Pour moi, ces idées et ces résonnements, je les avais déjà en banque avant Katimavik, pour la plupart. Avant d'arriver ici, je savais déjà à quoi m'attendre et je m'y étais préparé. Depuis, j'ai rafiné mes raisonnements et j'ai appris. Maintenant, ils ont tout détruit. Tout ce que je croyais que mon groupe réprésentait n'est plus. Les idéaux que je défendais ici se sont faits piétiner. Je me retrouve seul face à un groupe qui ne désire pas vraiment être un groupe...

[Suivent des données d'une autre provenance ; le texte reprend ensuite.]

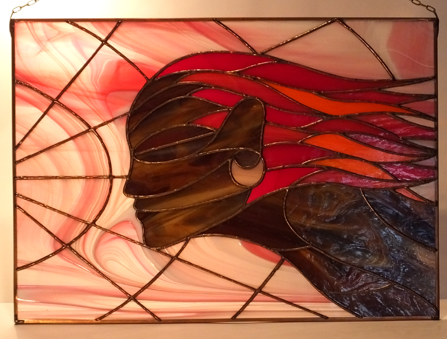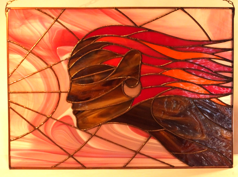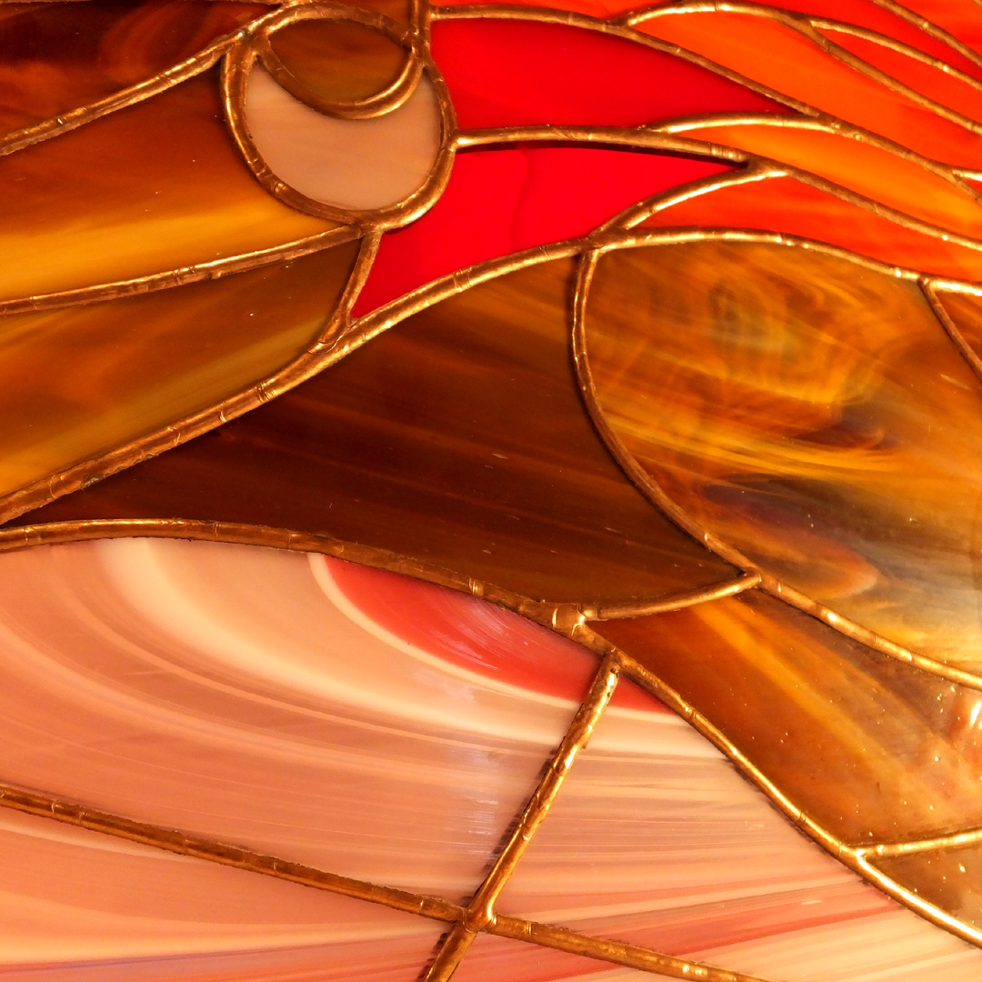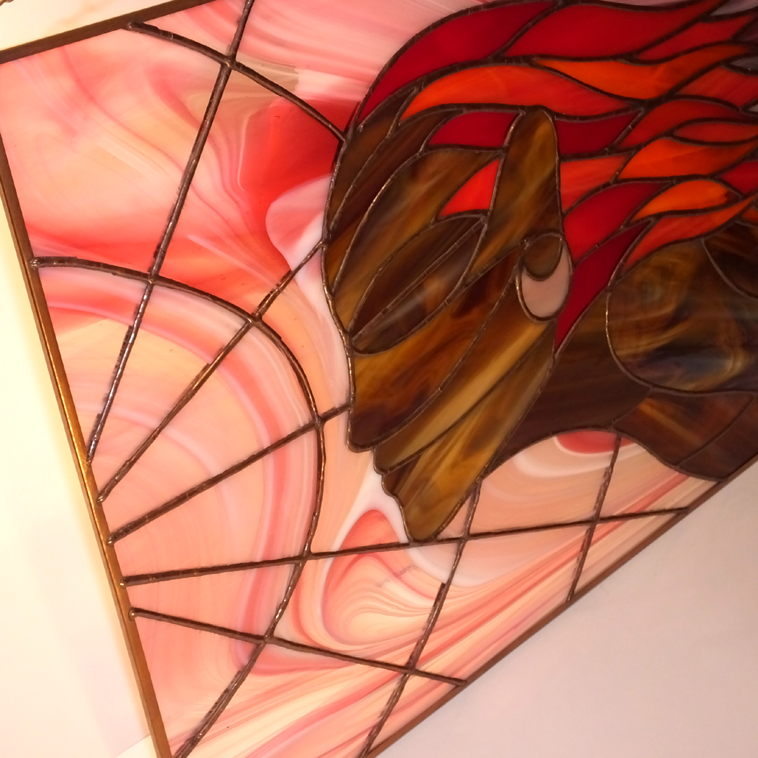 Obraz witrażowy wykonany ręcznie w technice Tiffany. Składa się z 71 elementów szklanych połączonych lutowiem. Obraz oprawiony jest w profil miedziany, do którego przylutowany jest mosiężny łańcuszek umożliwiający powieszenie. Zaprojektowany w Pracowni Artystycznej Cahaya w sercu Gór Świętokrzyskich. Certyfikat autentyczności pracy.

EDIT. J'ai oublié d'ajouter qu'ils trouvaient futile les tentatives de Katimavik de former un groupe, et qu'ils y apportaient peu d'importance car, après neuf mois, nous allions nous séparer. Si je les prends au mots, je peux aussi appliquer leur concept au programme au complet. Quelle est l'utilité d'aller dans une communauté que je vais quitter après 3 mois? Pourquoi me forcer à socialiser avec des gens que je ne reverrai jamais? La réponse est simple: faire des rencontres. Chaque rencontre que nous faisons façonne qui nous sommes et ces pour cette raison que nous voyageons dans plusieurs communautés, c'est développer l'individu. Ne serait-ce pas aussi pour faire de nouvelle connaissance, avoir des amis que nous n'aurions jamais rencontré dans d'autres circonstances? C'est à n'y rien comprendre!